Data under study Block Start
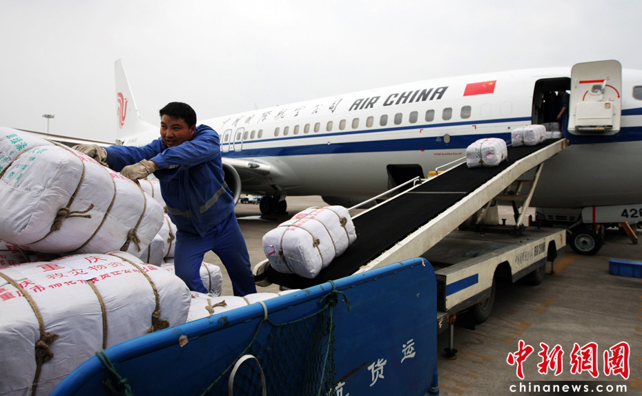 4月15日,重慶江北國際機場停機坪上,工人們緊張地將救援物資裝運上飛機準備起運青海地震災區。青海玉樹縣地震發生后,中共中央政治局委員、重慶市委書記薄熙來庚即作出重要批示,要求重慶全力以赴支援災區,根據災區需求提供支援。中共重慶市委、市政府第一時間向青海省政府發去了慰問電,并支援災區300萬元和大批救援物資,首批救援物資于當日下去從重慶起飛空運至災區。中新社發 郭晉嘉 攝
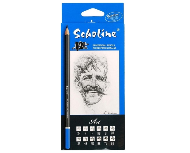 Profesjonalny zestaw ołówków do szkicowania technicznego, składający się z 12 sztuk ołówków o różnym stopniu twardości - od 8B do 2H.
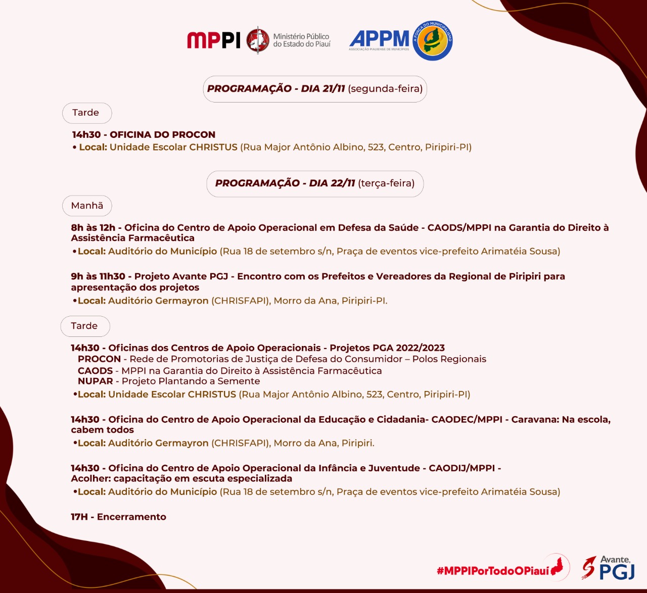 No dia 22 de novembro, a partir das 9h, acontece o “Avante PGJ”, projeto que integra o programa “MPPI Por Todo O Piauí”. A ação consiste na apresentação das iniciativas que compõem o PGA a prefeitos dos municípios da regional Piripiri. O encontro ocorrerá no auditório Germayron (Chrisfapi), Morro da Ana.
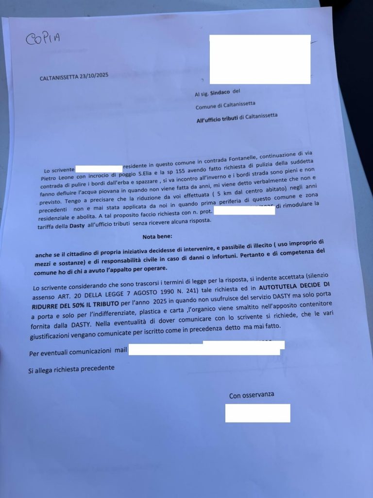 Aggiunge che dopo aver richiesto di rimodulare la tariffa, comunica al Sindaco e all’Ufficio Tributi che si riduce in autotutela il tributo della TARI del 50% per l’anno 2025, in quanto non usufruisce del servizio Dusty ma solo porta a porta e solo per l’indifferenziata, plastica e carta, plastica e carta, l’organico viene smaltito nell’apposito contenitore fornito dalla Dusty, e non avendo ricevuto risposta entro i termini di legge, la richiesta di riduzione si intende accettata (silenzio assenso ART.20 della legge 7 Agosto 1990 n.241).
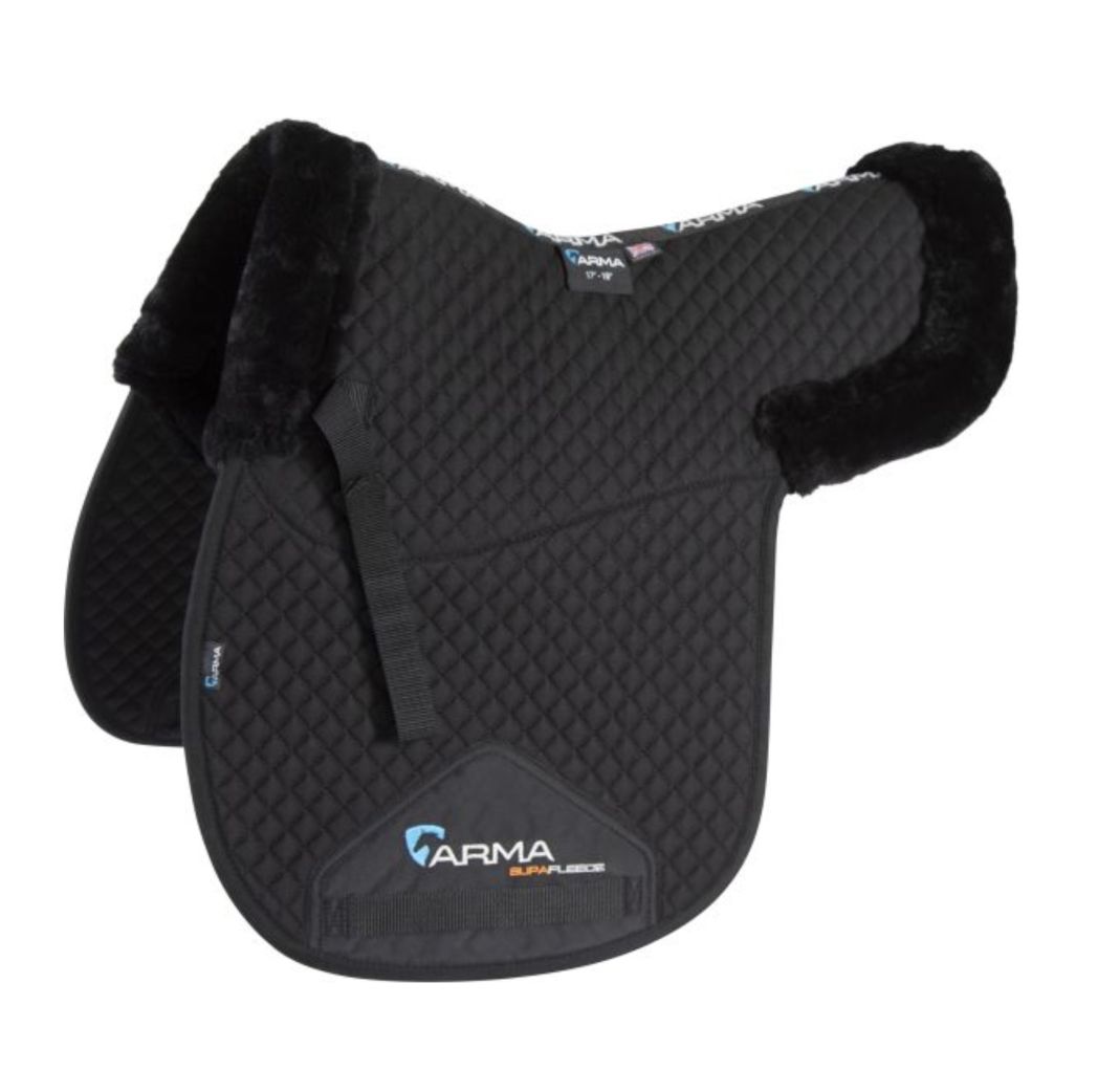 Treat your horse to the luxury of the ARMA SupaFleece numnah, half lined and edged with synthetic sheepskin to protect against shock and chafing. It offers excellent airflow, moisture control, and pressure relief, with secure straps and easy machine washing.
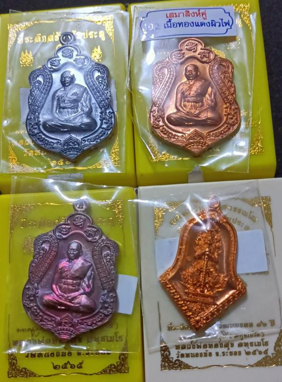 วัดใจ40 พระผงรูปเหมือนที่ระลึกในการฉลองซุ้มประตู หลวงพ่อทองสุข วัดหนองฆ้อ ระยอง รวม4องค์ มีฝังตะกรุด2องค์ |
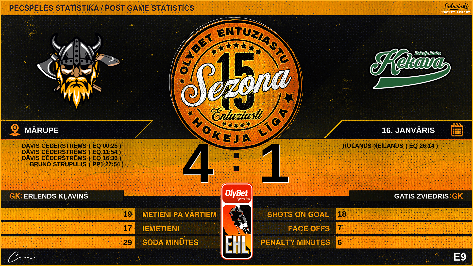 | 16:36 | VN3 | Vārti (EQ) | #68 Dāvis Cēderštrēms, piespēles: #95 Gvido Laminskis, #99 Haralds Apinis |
Data under study Block End
*Exercise*
Nothing but the lines from the one that holds "วัดใจ40 พระผงรูปเหมือนที่ระลึกในการฉลองซุ้มประตู หลวงพ่อทองสุข" through the end of the data should appear, written out exactly, without pictures.

*Response to this task*
 วัดใจ40 พระผงรูปเหมือนที่ระลึกในการฉลองซุ้มประตู หลวงพ่อทองสุข วัดหนองฆ้อ ระยอง รวม4องค์ มีฝังตะกรุด2องค์ |
 | 16:36 | VN3 | Vārti (EQ) | #68 Dāvis Cēderštrēms, piespēles: #95 Gvido Laminskis, #99 Haralds Apinis |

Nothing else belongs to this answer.